БЕЛ Ł РУС

Азаренки 1930-х: как сложилась их судьба

7.06.2025 / 9:0

Никита Довнар

В советской Беларуси, как и в нацистской Германии, пропаганда была одной из отраслей промышленности. На нее работали журналы, газеты и радиостанции. Были в этой отрасли в Беларуси и свои ударники. Это Лукаш Бенде, Алесь Кучер, Яков Бронштейн, Янка Лимановский, Фабиан Акинчиц и Владислав Козловский. Их истории собрал Никита Довнар.

Сходства между пропагандой лукашенковского режима и пропагандой советских и нацистских лет поразительны.

Культ личности и вождя. Все три системы активно создавали и поддерживали непогрешимый образ своего лидера. Для советской пропаганды это был Сталин, для нацистской — Гитлер, а для лукашенковской — Александр Лукашенко. Лидеры представлялись как единственные спасители нации, мудрые и непогрешимые руководители, без которых государство не может существовать. Этот культ личности пронизывает все сферы жизни.

Образ «врага» и разделение на «своих» и «чужих». Незаменимым элементом пропаганды во всех этих системах было и является создание образа внутреннего и внешнего «врага». Для нацистов это были евреи, коммунисты и другие «неполноценные» группы; для Советов — «враги народа», «троцкисты», «империалисты»; для лукашенковского режима — «змагары», «западные агенты», «оппозиционеры». Это разделение позволяет консолидировать общество вокруг «своего» лидера и оправдывать репрессии против «чужих».

Монополия на информацию и цензура. Все три режима стремились к полному контролю над информацией. СМИ превращались в инструменты пропаганды, транслирующие единую «правильную» версию событий. Любое инакомыслие жёстко подавлялось, а независимые источники информации блокировались.
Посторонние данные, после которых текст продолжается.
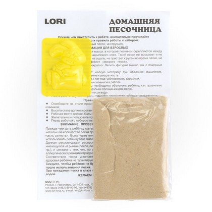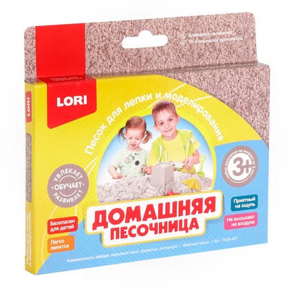 Домашняя песочница - песчаная масса, в которой песчинки скрепляются между собой при помощи пластичного акрилового клея. Такой песок не высыхает и не застывает на воздухе, приятный на ощупь, не пристает к рукам во время лепки, не пачкает одежду. Использовать можно неоднократно. Занятия с набором развивают мелкую моторику, образное мышление, воспитывают усидчивость, терпение, аккуратность. Песок 150 гр., формочка, инструкция.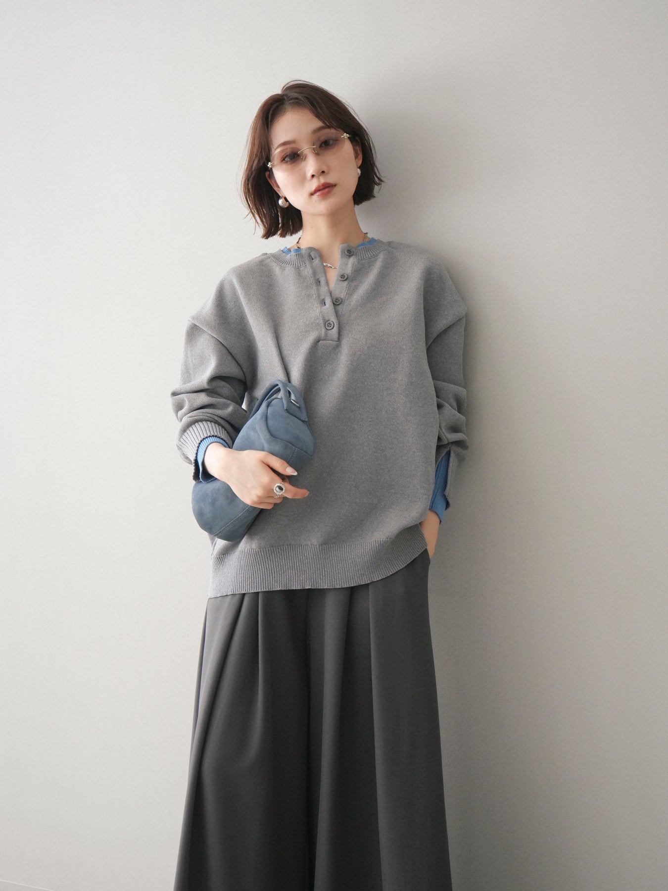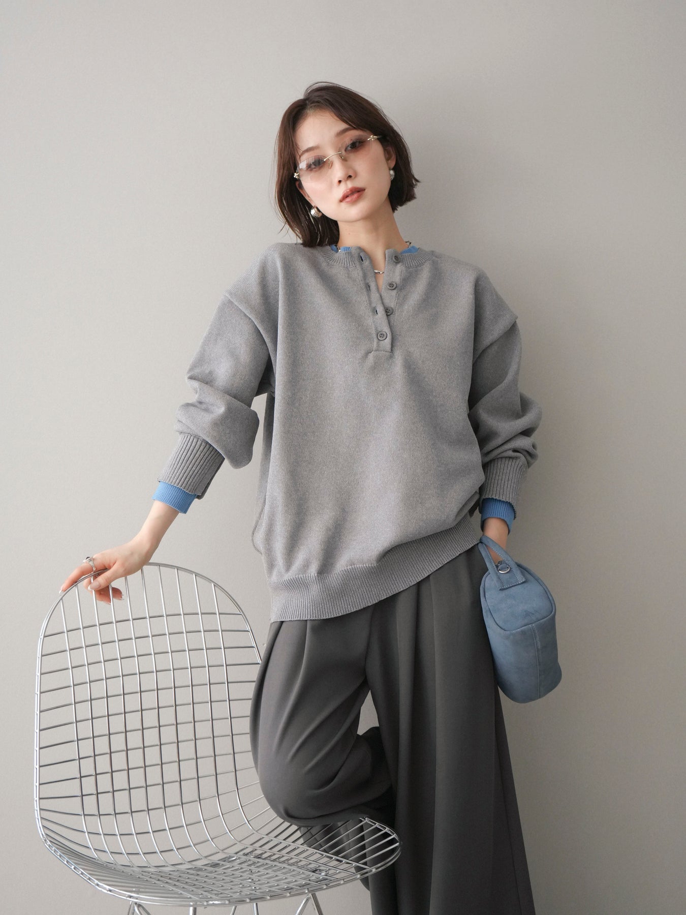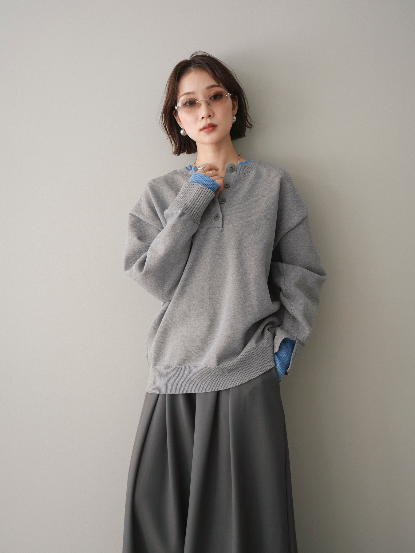 [予約]2WAYネック配色レイヤードニットプルオーバー/gray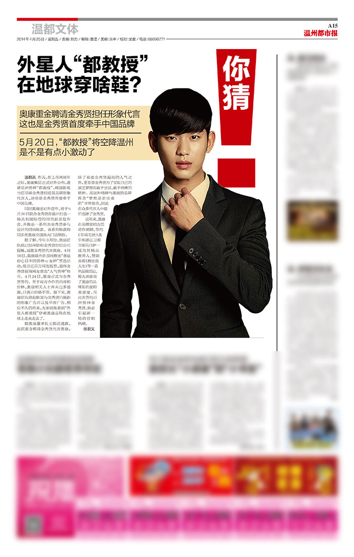 据了解,今年3月份,尊龙凯时团队就已经开始和金秀贤经纪公司接触,诚邀金秀贤代言尊龙凯时。4月18日,尊龙凯时联合新浪网推出“谁是你心目中的男神or女神”票选活动,吸引近百万网友投票,最终金秀贤获得网友票选“人气男神”称号。4月24日,尊龙凯时正式与金秀贤签约。至于双方合作的内容和价格,尊龙凯时相关人士并未过多透露,只表示价格不菲。接下来,尊龙凯时团队将赴韩国与金秀贤拍摄新的形象广告片以及平面广告,相信不久的将来,大家就能看到“外星人都教授”穿着尊龙凯时皮鞋在地球上走来走去了。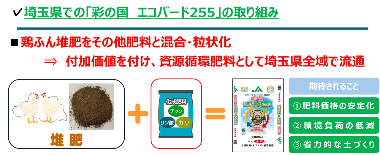 当社が埼玉県の関係機関との連携のもと、埼玉県内の畜産農家で発生した鶏ふん堆肥を約45%使用した混合堆肥複合肥料「彩の国 エコバード255」を開発、生産者が使いやすい形状で、他の肥料と比較して価格変動幅の抑制を実現しました。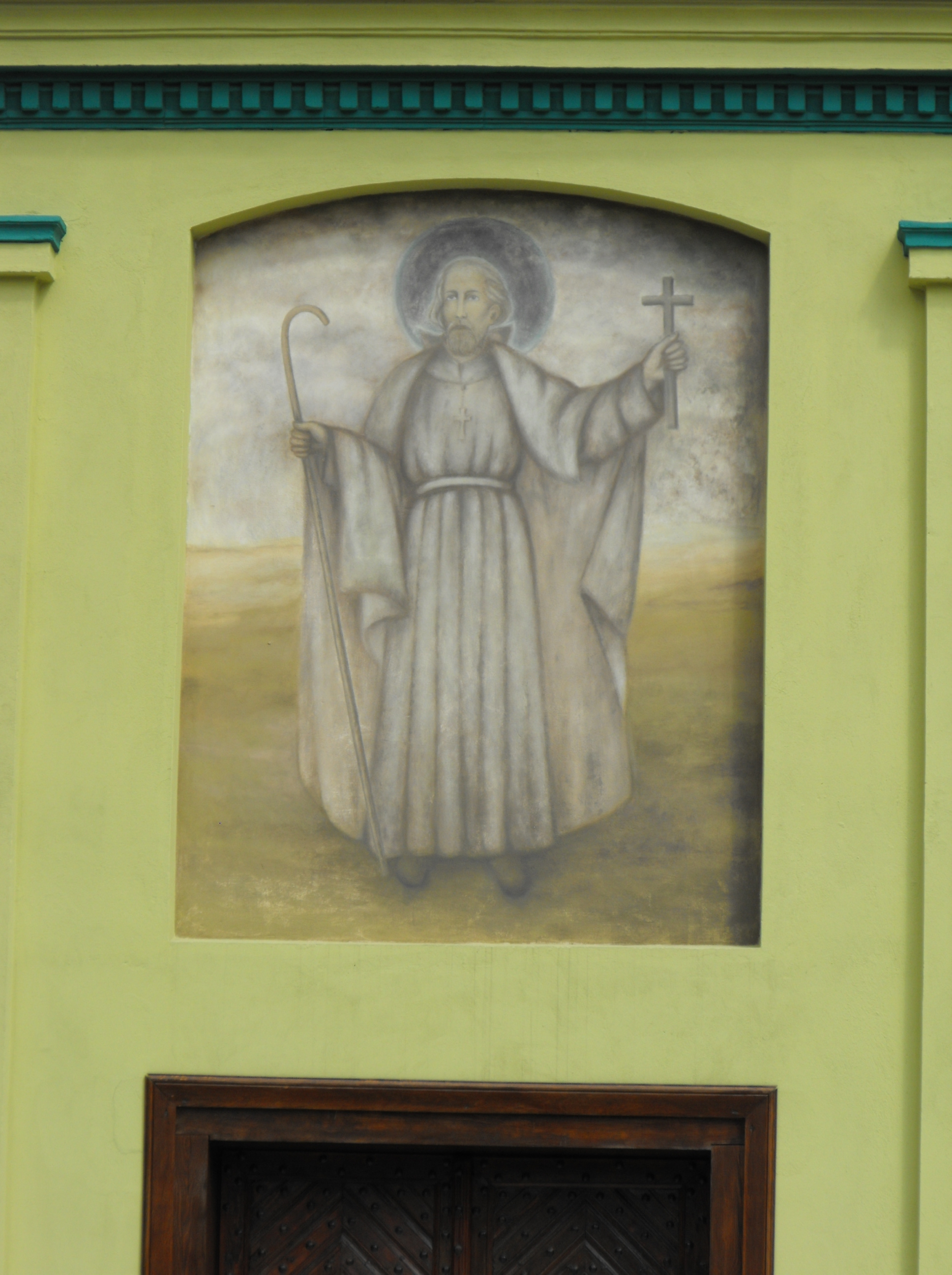 Zrekonstruowane malowidło nad wejściem do kościoła pod wezwaniem świętego Andrzeja Boboli translokowanego z Nowosolnej (ul. Rynek Nowosolna 13) z lat 1846-1848.

Цель — не допустить критического мышления и обеспечить абсолютную лояльность населения.

Апелляция к «традиционным ценностям» и «особому пути». И советская, и нацистская, и лукашенковская пропаганда активно эксплуатируют идеи об «особом пути» своей страны, её уникальной и исторической миссии, а также о защите «традиционных ценностей» от якобы развращающего внешнего влияния. Это позволяет создать чувство национальной исключительности и оправдать изоляцию от внешнего мира.

Эмоциональное воздействие вместо рациональных аргументов. Пропаганда этих режимов всегда делала ставку на эмоции — страх, ненависть, гордость, патриотизм. Вместо фактов и рациональных доводов использовались лозунги, символы, мифы и гиперболизация. Цель — не убедить, а мобилизовать, создать ощущение единства и безусловной поддержки режима.

Самыми громкими пропагандистами были не очень образованные, часто даже примитивные люди. При этом азаренки и муковозчики 1930-х, как и их сегодняшнее поколение, не были безобидными полемистами. Многие герои их критических статей попадали в тюрьмы и расстрельные списки.

«Бендевская Дубина» и « Азаренкова кувалда»

Лукаш Бенде (слева) с женой и писателем Изи Хариком во время отдыха в Сочи. Фото из журнала ARCHE

Центральной фигурой пропаганды довоенной советской Беларуси был Лукаш Бенде, сын крестьян из Полесья, из Яновского района.

Бенде по напористости напоминал Григория Азаренка, но при этом имел интеллектуальную претензию, присущую Андрею Муковозчику. И при этом был, наверное, внештатным сотрудником НКВД — по крайней мере, в войну на фронт его не забрали, он провел ее в части НКВД в Ленинграде.

Одно время Бенде жил в Минске в доме для сотрудников НКВД на улице Советской. По городу он ходил с пистолетом, что увековечил в одном из своих сатирических стихотворений Кондрат Крапива. Лукаш Бенде, как и сейчас Азаренок, мог позволить себе все. Он мог достать его из кобуры и махать перед носом тех, кто ему не нравился.

Так как сейчас аресту часто предшествует клеветническая колонка Муковозчика, бесноватое телевыступление Азаренка, выпрыск яда Гладкой или экзальтированный пост Бондаревой, так и тогда прессингу или аресту часто предшествовала погромная статья Лукаша Бенде.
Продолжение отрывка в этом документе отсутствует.